Karachi, May 25, 2023 (PPI-OT): Pakistan Autos - The Challenging Case of Pakistan’s Auto Sector
The impact of restrictions has hit the auto assemblers hard where auto assemblers are facing shortage of CKD kits leading to frequent plant shutdown. Where demand side issues also persist, where auto assemblers have hiked prices by a cumulative 30% in 1QCY23, blaming the PkR devaluation and increased taxation for the hikes. To note, the PkR devalued by 23%QoQ in 1QCY23, while taxes on 1,400cc cars and above were raised to 25%.

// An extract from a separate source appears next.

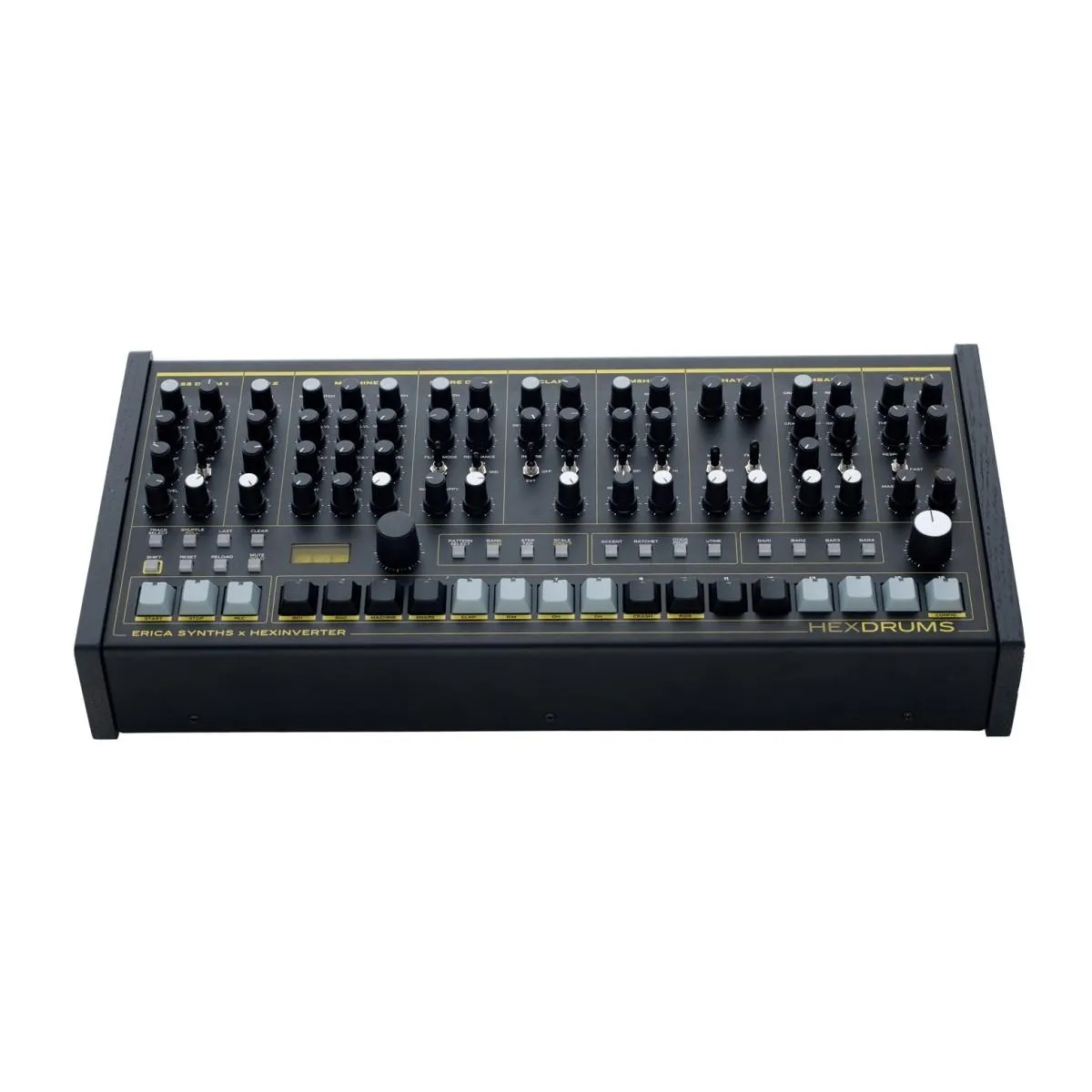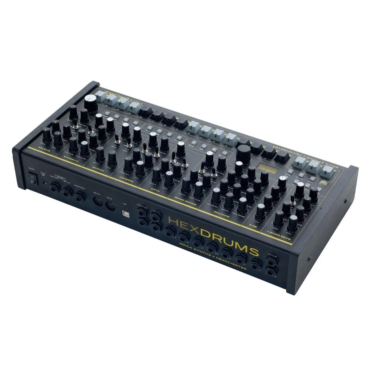 Den industriella magin från Erica Synths technovapen, sammansmält med DNA:t från Hexinverters mutantkretsar, väcks till liv som HexDrums – en analog trummaskin skapad med stor respekt för traditionella designprinciper, men med innovativa förbättringar och kombinerad expertis från båda tillverkarna.

HCAR’s production remained well below capacity, with the company producing ~26,176 units in MY23 vs actual capacity of 50,000 units. HCAR’s volumetric growth in MY24 is expected to come in at 7%YoY, and thereafter to grow at a CAGR of 11% between MY24 and MY27.

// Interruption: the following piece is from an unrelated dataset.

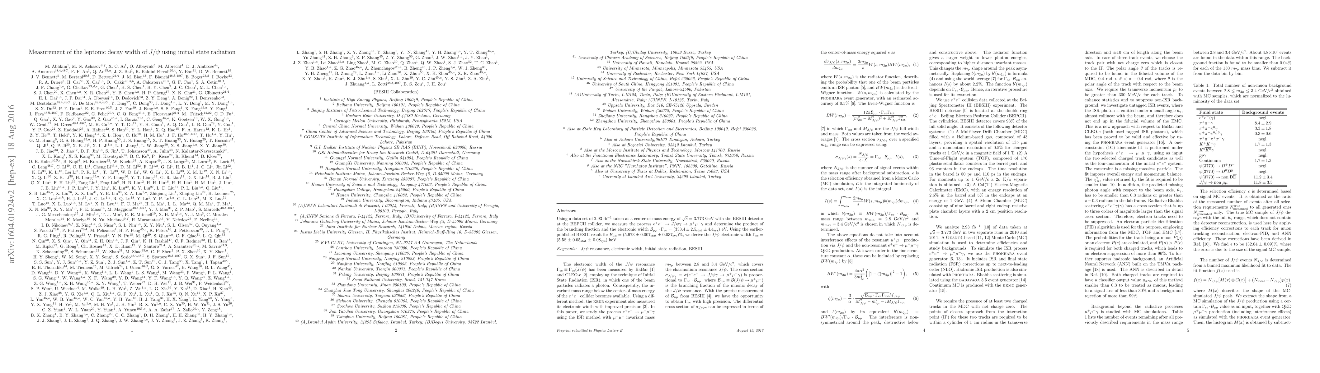 The paper presents an advanced application of the ISR method for measuring the J/ψ electronic width with high precision, utilizing sophisticated Monte Carlo simulations and radiator function calculations.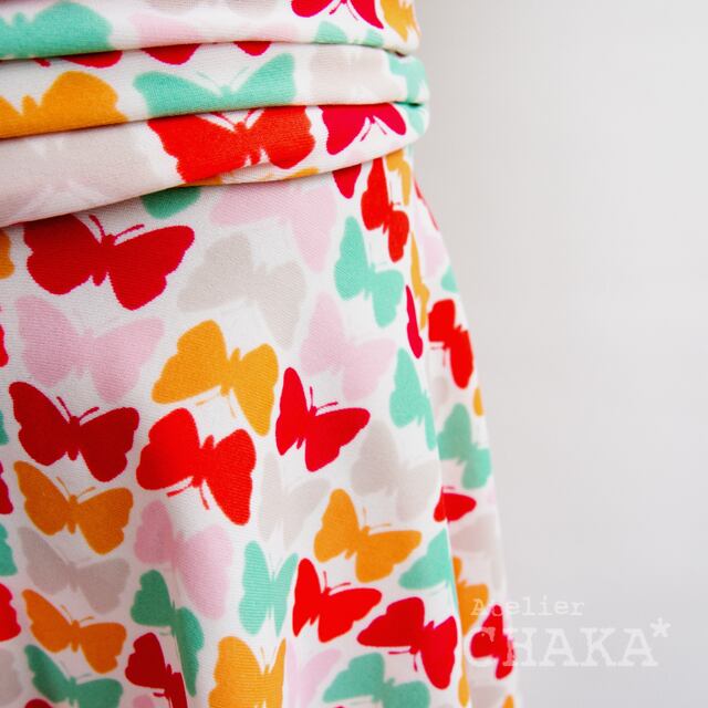 白をベースにマカロンカラーの蝶々がプリントされた、キュートなストレッチ生地を使用。

The company’s equity has been reduced to PkR83.3/sh as of Mar’23. Trade Payables have ballooned during recent times, as the company is unable to pay its Holding Company against the import of CKD kits. As of Mar’23 end, of the PkR89bn in payables, PkR48.3bn was owed to the Holding Company.
Production in 10MFY23 has fallen by 50%, while the delivery times have increased substantially, as the company struggles to import CKD kits. Hence, as of late, the company resembles more of an investments firm rather than an auto assembler.